If you have significant autocorrelations, you can include other term(s) in the ARIMA-SARIMA model, and go back to step 4.

If there the errors seem like a white noise (no signficant autocorrelations), then you can continue and finish the calibration process.

5 Interpret the model

6 Run a forecast using the model

4 Example Model for Air Passengers

4.1 Identifying seasonality in a time-series

Download the excel file from a web site:

download.file("http://www.apradie.com/ec2004/air2.xlsx", "air2.xlsx", mode="wb")

library(readxl)

dataset <- read_excel("air2.xlsx")
# I familiarize with the data
head(dataset)

In order to perform time-series analysis, it is better to use xts objects.

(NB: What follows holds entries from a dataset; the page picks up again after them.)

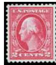
888 ★ 1917, 2¢ Washington, rose, type I, perf. 11 (Scott 499), intense shade and great centering, o.g., hinged, Extremely Fine to Superb; with 2023 P.S.E. certificate graded XF-SUP 95. SMQ $90. Estimate $60 - 80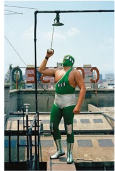
Cubrir su identidad. Eso es el principal objetivo de los luchadores que, desde la década de los 50, comenzaron a popularizarse en la lucha libre mexicana.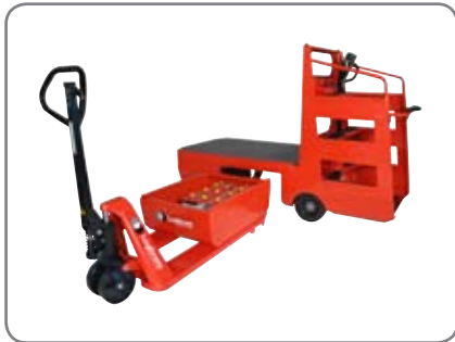
Battery drawer for quick replacement and easy maintenance of the batteries. Perfect for three-shift operation.

Strong construction ensures a long operating life and low maintenance costs.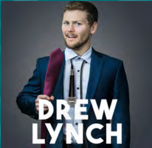
DREW LYNCH DECEMBER 31, 2024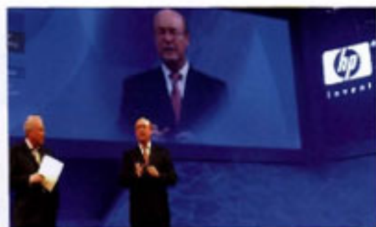
HP chooses London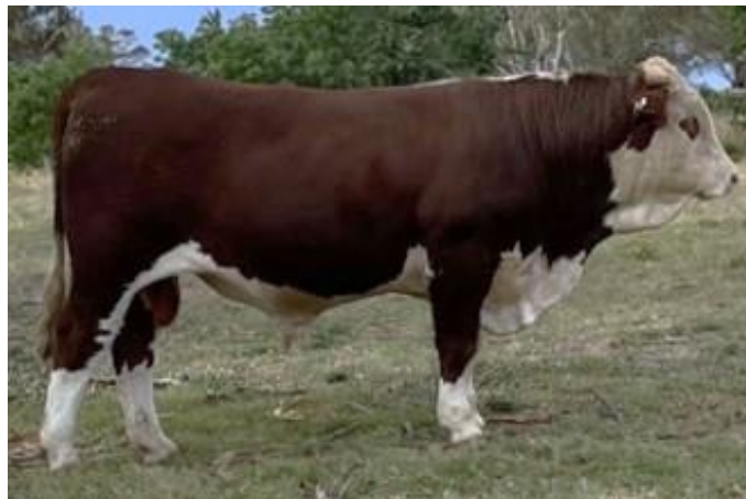
Lot 8 – Kirraweena Umpire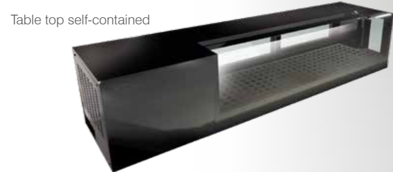
Table top self-contained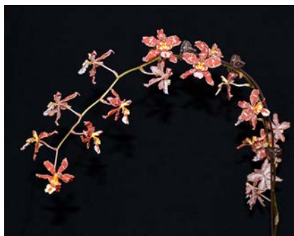
Oncidium Downtown Honolulu Grower: Tracey Thue

We can construct this by using the xts() method of the xts package. Objects of class xts are composed by 2 elements: the core data and the index (class Date, POSIX,etc).

# Load library xts and zoo. Install the packages if you haven't already.
library(xts)
## Loading required package: zoo
## Warning: package 'zoo' was built under R version 4.0.3
## 
## Attaching package: 'zoo'
## The following objects are masked from 'package:base':
## 
##     as.Date, as.Date.numeric
library(zoo)
library(tseries)
## Registered S3 method overwritten by 'quantmod':
##   method            from
##   as.zoo.data.frame zoo
library(forecast)


# I get the date of the dataset:
date <- dataset$month
# I join both objects using xts() and assign it to a new object called air.xts
air.xts<- xts(x=dataset$air, frequency = "monthly", order.by=date)
names(air.xts)<-c("Passengers")
class(air.xts)
## [1] "xts" "zoo"
# I see behaviour of air passengers over time 
plot(air.xts$Passengers)

This dataset contains air passengers by month from an airline. Do the following:

Does the series look stationary? Obviously not, it looks with a clear growing trend, and a seasonality pattern. The mean of the series GROWS OVER TIME.

Get the natural logarithm of the series:

lnair.xts = log(air.xts)

4.2 Testing for stationary

Since we see a clear seasonality pattern, it is strongly recommended to use the seasonal difference of the log of the series. So, we will check whether we can treat the seasonal difference of the log as STATIONARY.

We start by plotting the seasonal difference of the log, which is the annual % growth (in cc) of the air passengers:

plot(diff(lnair.xts,lag=12))

It is hard to see whether this is stationary or not, so we have to run the Dicky-Fuller test. Run the Dicky-Fuller test using the adf.test function of the tseries packages.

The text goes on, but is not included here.